# Fliegende Fischfresser?



## zephyrkalli (8. Aug. 2011)

Hallo Leute!
Also den Ollen Fischreier haben wir schon erfolgreich bekämpft!
Aber welche Vögel fressen sonst noch Fische! 
Heute morgen saß ein Falke auf einem Pfosten des Netzes,
unteranderem haben wir auch noch Wiesenweihe, Kornweihe, Rohrweihe, Schwarzer Milan, Roter Milan, Habicht Sperber, Mäusebussard, Wespenbussard, evt. auch noch der Fischadler!

Hat jemand von euch schonmal einen von den Kunden bei sich am Teich beobachtet? 

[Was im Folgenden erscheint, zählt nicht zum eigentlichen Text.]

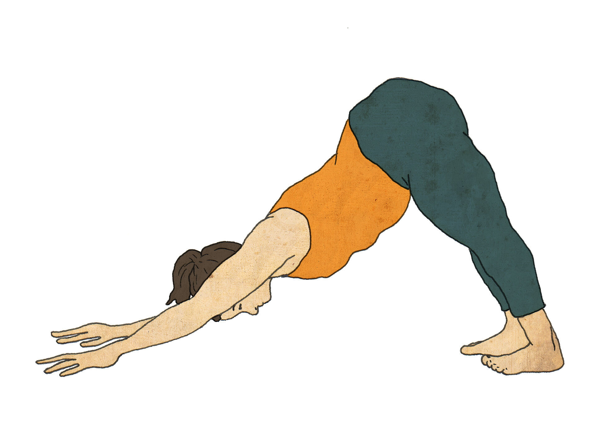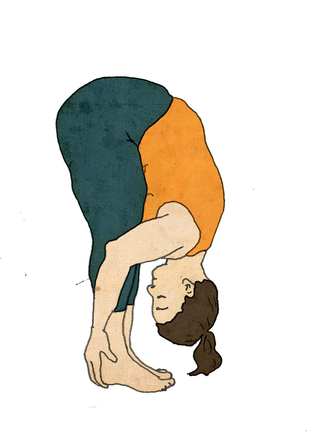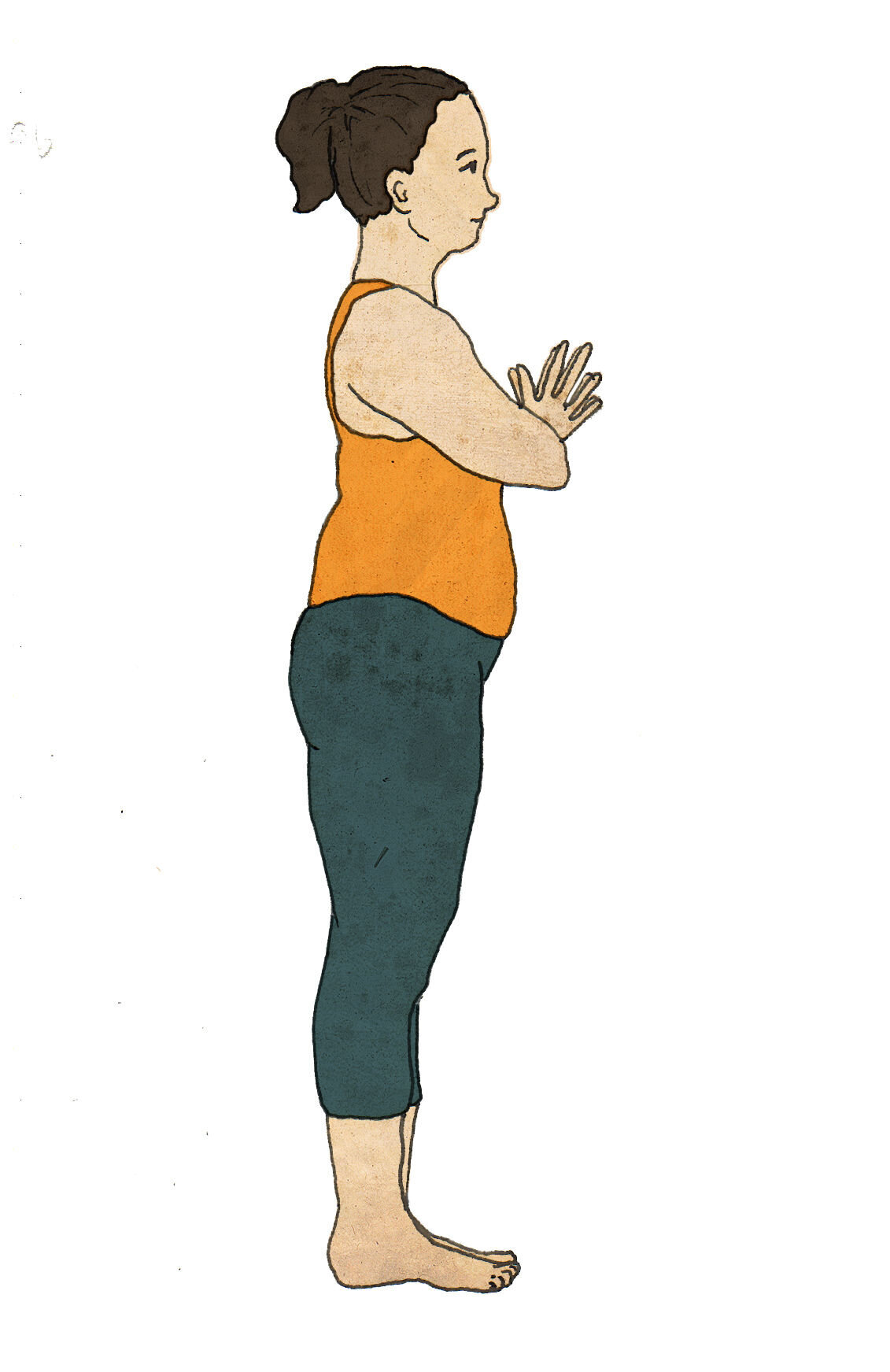 På utpust, senk hendene samlet foran brystet. Stå her og finn stillhet innover så lenge du ønsker, før du snur hendene (fortsatt samlet) som en pil nedover mot gulvet, samtidig som du beveger overkroppen ned mot gulvet. Strake ben.

Können nur angriffe von oben stattfinden da seitlich komplett geschützt!

Gruß
Christoph


----------



## S.Reiner (8. Aug. 2011)

*AW: Fliegende Fischfresser?*

Hallo Christoph wenn ich das so richtig sehe hast da wohl ein Echtes Problem am besten du enderst dein Hobby deine Vogelwelt ist aber auch sehr Interresant schöne Gegend


----------



## jolantha (8. Aug. 2011)

*AW: Fliegende Fischfresser?*

Hallo Christop,
den Mäusebussard hatte ich schon mal auf einem Zaunpfahl am Teich, aber ohne Hunger !!
Hab ihn noch nie bei einem Versuch erwischt, die ganze Familie wohnt bei mir m Wald .


----------



## Christine (8. Aug. 2011)

*AW: Fliegende Fischfresser?*

Hallo,

diese Vögel werden sich wohl kaum mit Deinem Teich abgeben. Da kämen wohl Elstern oder Krähen eher in Frage.


----------



## S.Reiner (8. Aug. 2011)

*AW: Fliegende Fischfresser?*

Na dann mal erst bei Wicki Lesen auszug: Die Zusammensetzung der Beute hängt vom Lebensraum der Unterart ab. In Wassernähe brütende Schwarzmilane erbeuten vor allem lebende und tote Fische. In Mittel- und Osteuropa überwiegen dabei sehr auffällig die __ Plötze (Rutilus rutilus) und der __ Brachsen (Abramis brama). Fischnahrung kann in solchen Populationen 80 Prozent des Gesamtnahrungsgewichtes erreichen.


----------



## Christine (8. Aug. 2011)

*AW: Fliegende Fischfresser?*

Reiner - Theorie und Praxis - 
Du kannst doch die Gewässer, die da gemeint sind, nicht mit einem Gartenteich vergleichen 
Um an einem so kleinen Teichlein, das auch noch so eingefasst ist, dass es von der Seite nicht zu erreichen ist, zu angeln, muss ein Raubvogel aber sehr verzweifelt sein. Erstens sind die Vögel sehr scheu, zweitens benötigen sie schon ein bisschen Platz zum An- und Abfliegen. 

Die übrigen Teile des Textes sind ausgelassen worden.